Although I talk about 40k a lot, this blog wasn’t going to be solely about that topic.  To this end, I’ve decided to fling various Recommendations at your faces every now and then.  And, last time I checked, the time is approximately ‘Now’.

These recommendations are a little bit of whatever, really.  From films, television, anime, music, books, whatever I like that I’d like other people to have a look (or listen) at too.  Feel free to ignore these if you’re only here for tales of embarrassing 40k-related shortfalls and unnecessary hyperbole.  On the other hand, if you do try out the recommendations, let me know!  Some interesting conversations can be had regardless of whether or not you liked them.  So, with all that prelude out of the way, let’s start with: Some Book Recommendations!

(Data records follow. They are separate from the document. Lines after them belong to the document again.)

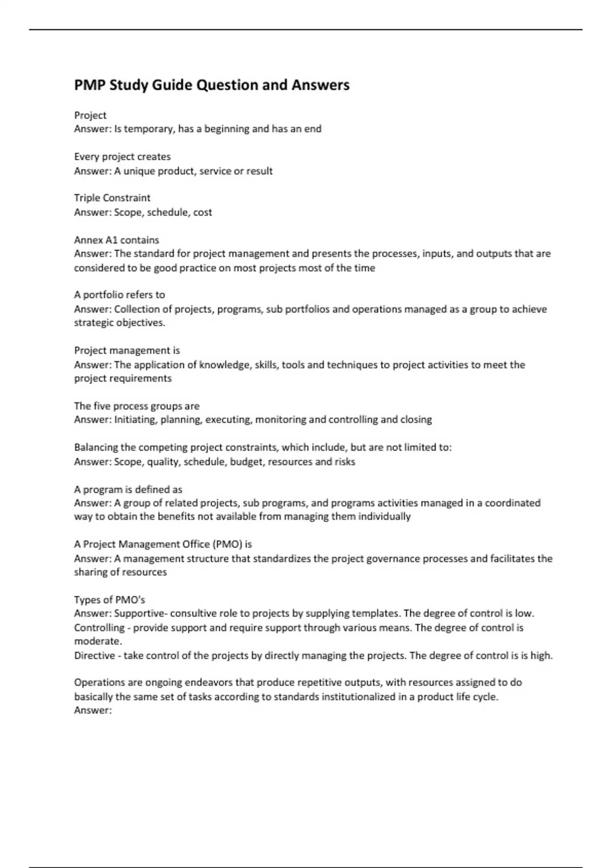 pmp exam study guide question and answer
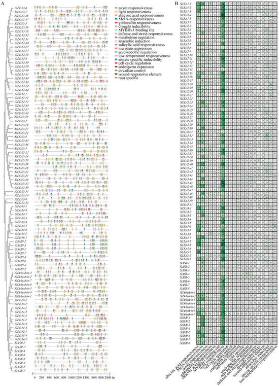 Cis-acting elements in promoter regions of SiLEA family genes in foxtail millet. (A) Distribution of cis-elements in promoter regions. Differently colored blocks represent distinct types of cis-elements and their positions within the 2000-bp upstream region of SiLEA genes. (B) Cis-element composition in promoters of individual SiLEA genes. Colors in the grid correspond to distinct cis-element types, and numbers indicate their counts, with vertical color bars corresponding to specific element types.
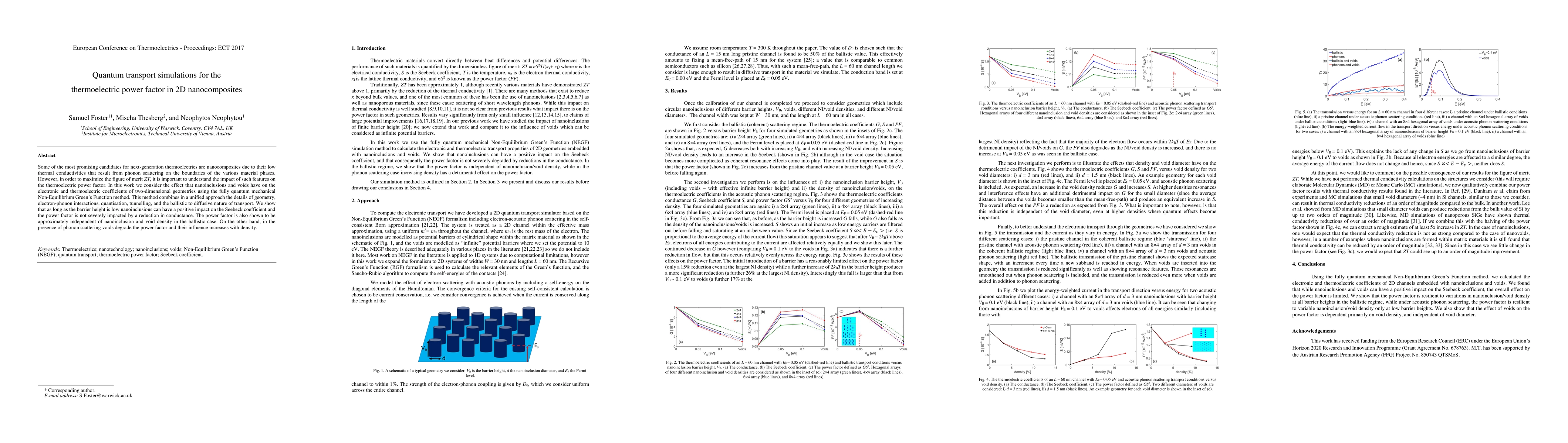 Some of the most promising candidates for next generation thermoelectrics are nanocomposites due to their low thermal conductivities that result from phonon scattering on the boundaries of the various material phases. However, in order to maximize the figure of merit ZT, it is important to understand the impact of such features on the thermoelectric power factor. In this work we consider the effect that nanoinclusions and voids have on the electronic and thermoelectric coefficients of two dimensional geometries using the fully quantum mechanical Non Equilibrium Greens Function method. This method combines in a unified approach the details of geometry, electron phonon interactions, quantisation, tunnelling, and the ballistic to diffusive nature of transport. We show that as long as the barrier height is low nanoinclusions can have a positive impact on the Seebeck coefficient and the power factor is not severely impacted by a reduction in conductance. The power factor is also shown to be approximately independent of nanoinclusion and void density in the ballistic case. On the other hand, in the presence of phonon scattering voids degrade the power factor and their influence increases with density.

Three of them, all by the same author.  More of an author recommendation, I suppose.

Michael Marshall Smith

He is probably my favourite fiction writer currently and he specialised in two fields.  He does Sci-Fi as Michael Marshall Smith and modern-day crime writing as just Michael Marshall.  His crime stuff is good, don’t get me wrong, but (in my opinion at least) it’s not a patch on his more fantastical stories.  I highly advise you seek him out if you’re into slightly oddball scifi.  The three books I want to talk about are Only Forward, Spares, and What You Make It.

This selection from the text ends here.